Why it’s essential: A reactive security posture means you are always one step behind the attackers. By the time a phishing site is live and targeting your customers, the damage has already begun. A modern, proactive approach involves using sophisticated tools to scan global domain registrations in real-time.
Result: This allows you to identify a confusingly similar domain the moment it’s registered, giving you the power to initiate a takedown before it can be used in an attack. This is the difference between cleaning up a disaster and preventing it from ever happening.
3. Out with Basic Passwords, In with Mandatory 2FA
The Old Way: Relying on password complexity rules and hoping employees use strong, unique passwords for their domain management accounts.

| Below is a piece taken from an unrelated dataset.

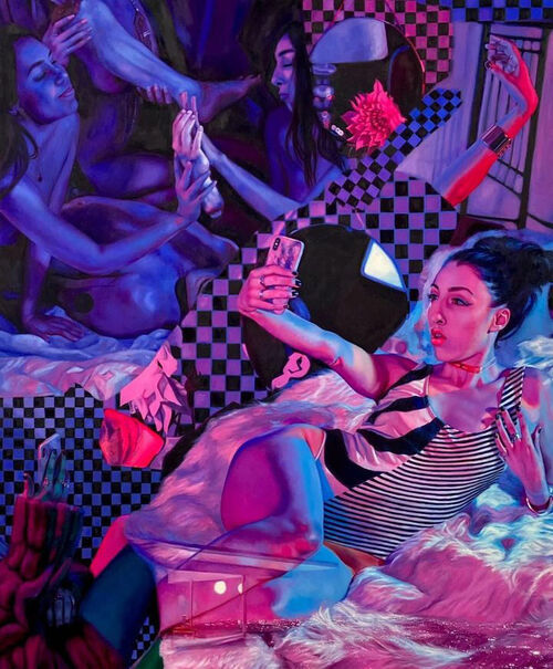 From Raw’s perspective, her painting practice offers her connection, bodily freedom, and psychological presence. She paints from both life and images found online, confronting viewers’ expectations around who female pleasure is for. “When you’re totally present, that’s when you’re really connected with everyone and everything around you, that’s what happiness is,” she said in an interview. “In nature, I feel totally connected with everything. When I’m painting models, I feel like I love every inch of them.”

The New Way: Enforcing mandatory Two-Factor Authentication (2FA) for every user with access to your domain registrar and DNS control panels.
Why it’s essential: Passwords are a fundamentally broken security model. They can be stolen, guessed, or phished with alarming ease. A password alone is an open invitation for a domain hijacking. 2FA adds a critical second layer of defense by requiring a physical token or a code from a mobile device.
Result: One of the most effective security measures you can implement, immediately neutralizing the risk of compromised credentials. In 2026, 2FA should not be optional; it should be the standard.
4. Out with Bloated Permissions, In with a Zero-Trust Model
The Old Way: Granting broad administrative access to multiple team members for the sake of convenience, leading to “permission creep” over time.
The New Way: Adopting a Zero-Trust or “least privilege” model, where every user has only the absolute minimum level of access required to perform their specific duties.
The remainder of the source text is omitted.